RAID Resurrection

20160804 TerraHertz http://everist.org NobLog home

Back in 2013 I was given a very nice rackmount RAID server, with eight 1TB drives.
It has an Areca ARC-1220 8-port PCI-Express SATA RAID controller, which turned out to be completely dead. Bummer.

That's the fatal flaw with RAID disk arrays. So what if they offer safe data retention despite individual disk drive failures? There's still a single point failure mode where the control card dies. And RAID array disks (even RAID-1, ie straight mirroring) always seem to be formatted in a way making them unreadable by anything other than the original controller card. So there's no fallback.

It took a while to find a replacement identical card. Eventually one turned up on ebay, claimed to be working. I bought it.

Perhaps I should have examined the seller's picture more closely. Click for larger size. Can you spot the problem?

(Hint: Detail of seller's pic.)

It arrived, and turned out to have one of the SATA connectors broken. Fortunately once you knew what to look for in the seller's listing pics, it could be seen to be broken there. Subtle but clear enough to demand a refund, which I was given. And was also allowed to keep the broken card.

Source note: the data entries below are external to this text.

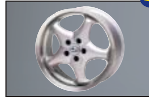
Alufelge 7,5 x 16\", ET 35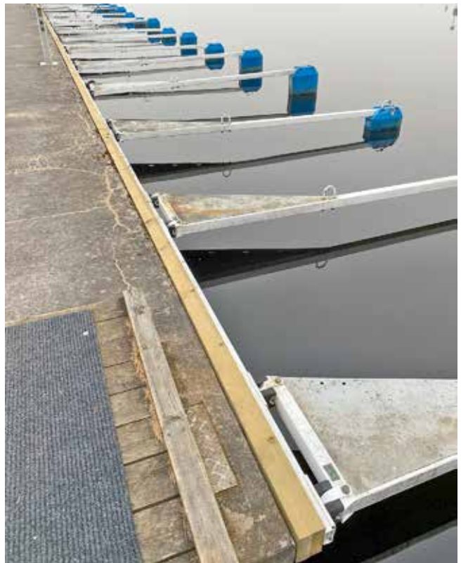
Snart har hela bryggan fått nytt virke.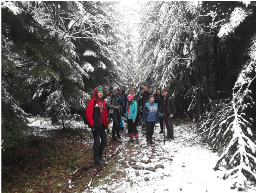
Ostatnio mamy szczęście do śniegu i w maju, i w październiku.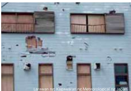
Ang mga nasirang pader ay dulot ng mga lumipad na bagay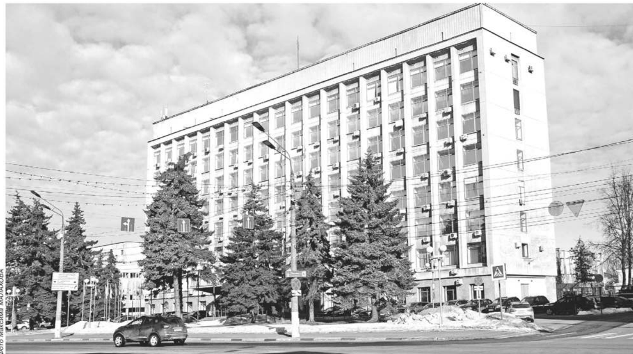
Здание Законодательного Собрания, расположенное на ул. Советской, 33 является архитектурной доминантой современной Твери

Среди традиций нашего областного парламента надо прежде всего выделить преемственность депутатского корпуса. 30-40% депутатов как правило переизбираются в новый состав, что позволяет сохранить опыт, понимание того как работают законотворческие механизмы, как на практике действуют законы.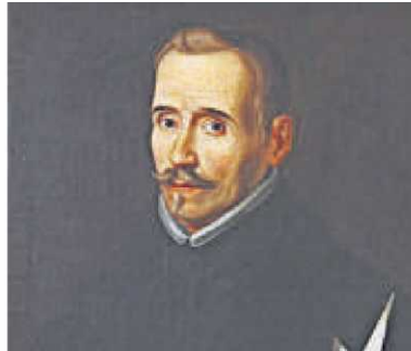
Retrato de Lope del Museo Lázaro Galdiano.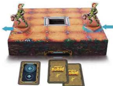
Малюнок 6. Переміщення Мисливця за межі ігрового поля.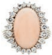
582 Korallen-Brillanten Ring, 585 Weißgold, ca. 9g. Engelhautskorallen Cabochon ca. 23ct umgeben von 22 Brillanten von zus. ca. 1ct/ W-VSI, RW EU 57, gemarkte hochwertige Handarbeit. 2600,—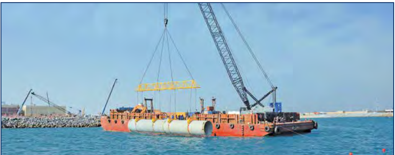
تركيب أنابيب قناة مأخذ مياه البحر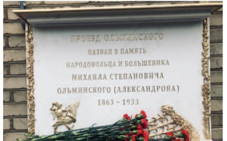
Новодел с ангелом – новая информационная табличка на доме 3 по проезду Ольминского

Некоторые СМИ сообщили, что весной этого года «отреставрировали» мемориальную доску в честь Михаила Ольминского. Доска много лет была размещена на стене единственного на проезде жилого дома № 3 и якобы утратила «приличный» вид – буквы были затерты, камень (а на самом деле металл) потемнел, и от времени получился «исторический» вид. К счастью, остались фотографии, и такая же доска висит на охраняемом объекте – торце здания Москов-

So now I had two dead cards.
How on Earth did someone manage to break the plastic tab off like that? Anyway, a 7-port RAID card isn't much use when you need an 8-port one.

But the card electronics seem to work, and it's recognized by the system. So how to fix that connector?

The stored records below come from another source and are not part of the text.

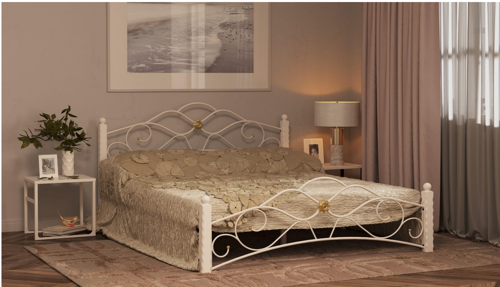
Кровать «Garda 3» : Сталь и массив березы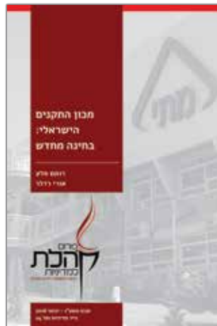
שבט תשע"ו - ינואר 2016 נייר מדיניות מס' 24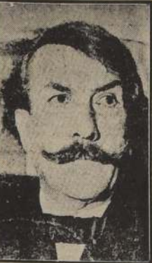
Dr. Alfredo L. Palacios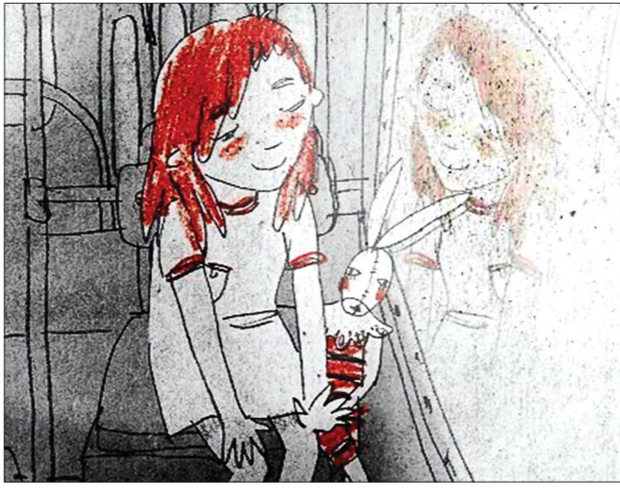
«При выходе не забывайте свои вещи» снят в 2012-м. Он рассказывает о девочке, которая торопится повзрослеть...

Это скорее российская тенденция. Потому что мировая анимация всегда делалась и для детей, и для взрослых. У нас стойкий стереотип, что мультфильмы делаются толь-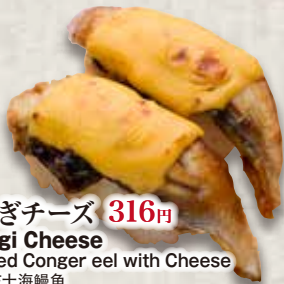
うなぎチーズ 316円 Unagi Cheese Seared Conger eel with Cheese 炙芝士海鰻魚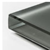
graphite extra chiaro acidato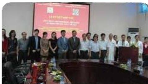
연세대 세브란스 병원 - 하노이 의과대학 MOU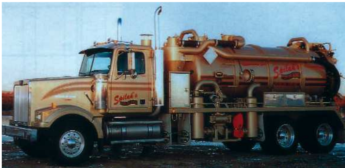
Planche Application.....Planche Application

Surpresseur à pistons rotatifs Hibon à injection d'air VTB810 et VTB820, installé sur camion pour le nettoyage de cuves de décantation de pétrole brut.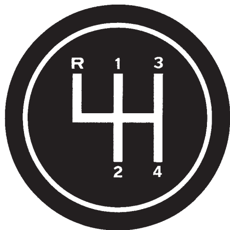
4-växlad helsynkroniserad växellåda.

Volvo Amazon är lätt att parkera. Vändradien är endast 4,8 m.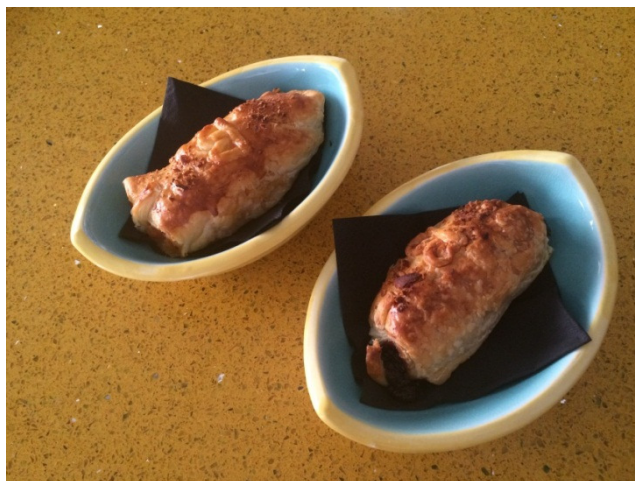
El Especial del Buscavidas

The obvious solution was to swap a connector from my dead card to the new one.
Only problem was, the connectors have two rows of surface-mount solder joins to the PCB, and one of the rows is well underneath the connector. Perhaps it was assembled in a vapor phase reflow process? In any case it presents quite an obstacle to hand repair. So I didn't tackle it for a long while, just pushed it down the projects queue.

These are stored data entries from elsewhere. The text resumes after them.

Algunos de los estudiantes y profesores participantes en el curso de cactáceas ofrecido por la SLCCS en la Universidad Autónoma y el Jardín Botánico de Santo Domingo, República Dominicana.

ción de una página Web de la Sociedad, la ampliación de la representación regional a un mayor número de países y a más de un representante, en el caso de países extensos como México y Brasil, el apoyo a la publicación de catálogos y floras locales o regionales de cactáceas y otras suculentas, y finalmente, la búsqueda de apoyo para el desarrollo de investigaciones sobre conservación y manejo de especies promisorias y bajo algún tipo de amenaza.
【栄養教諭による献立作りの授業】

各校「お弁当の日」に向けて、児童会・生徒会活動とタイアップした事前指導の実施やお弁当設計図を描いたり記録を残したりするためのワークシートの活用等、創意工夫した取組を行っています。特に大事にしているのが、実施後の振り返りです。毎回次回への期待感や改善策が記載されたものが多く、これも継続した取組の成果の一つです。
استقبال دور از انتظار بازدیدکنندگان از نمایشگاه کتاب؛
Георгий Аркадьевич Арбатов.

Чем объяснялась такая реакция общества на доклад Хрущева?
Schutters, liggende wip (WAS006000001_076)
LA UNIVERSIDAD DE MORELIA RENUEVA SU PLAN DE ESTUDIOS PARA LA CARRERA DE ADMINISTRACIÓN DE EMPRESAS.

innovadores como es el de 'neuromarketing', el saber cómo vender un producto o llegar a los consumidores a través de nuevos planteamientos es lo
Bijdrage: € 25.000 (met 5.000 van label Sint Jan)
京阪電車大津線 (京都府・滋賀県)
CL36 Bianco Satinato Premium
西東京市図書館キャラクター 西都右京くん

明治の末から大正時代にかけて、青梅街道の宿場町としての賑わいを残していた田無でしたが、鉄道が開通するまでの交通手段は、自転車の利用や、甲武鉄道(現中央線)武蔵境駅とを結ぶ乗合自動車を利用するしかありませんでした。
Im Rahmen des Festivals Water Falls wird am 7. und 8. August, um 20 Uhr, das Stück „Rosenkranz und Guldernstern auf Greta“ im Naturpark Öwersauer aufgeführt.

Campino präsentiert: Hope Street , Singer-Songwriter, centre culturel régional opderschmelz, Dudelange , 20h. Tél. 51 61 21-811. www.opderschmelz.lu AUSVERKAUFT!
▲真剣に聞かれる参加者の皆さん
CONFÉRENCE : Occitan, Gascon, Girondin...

It finally bubbled up to the top again, and now it's done and works. Here's how. (Discussion at eevblog.)

1, 2. Dead card on left, bad connector one on right. First step, remove the piezo buzzers that were in the way. I figured I had four goes at getting a connector off the dead one, in usable condition.

3. First one off, after a LOT of struggle. It didn't go well, and the connector body was too melted and distorted to reuse. Part of the problem is a copper power plane to which two of the pins attach. It sucks a lot of heat and goes under the plastic connector body. How to get it hot enough without completely wrecking the connector? I'd begun with a single small nozzle hot air gun, but that was hopeless.

4. I didn't have a single 'wide, flat' air nozzle, but I did have one with two wide flat nozzles. I tried blocking off one with capton tape. (Actually 'coptan' according to the Chinese seller, which is amusing.) That, and turning the air temperature way up, worked.

5. First connector removed, showing the ground plane that makes desoldering extra difficult.

1, 2. First removed connector on the left. Ruined. You can't see, but the SATA connector tabs are distorted.
Second attempt on the right. Hmm... I can work with this.

3. I found I could pull out the pins on the outside row, and get them back in again. Making it possible to solder the inner row of pins with the outer row removed. Yay.
Here all the pins on the back row are pulled out. There are two slightly different lengths; 3 long and 4 short. This is so the three ground pins make contact first when hot-plug inserting SATA. But the length difference is very very tiny, and hard to see by eye with loose pins. It later turned out I'd mixed up two of them. Not the kind of goof one makes twice, but then I hope I never have to do this again.

4. The working board, with the broken connector removed, and the usable good connector cleaned up (enough.)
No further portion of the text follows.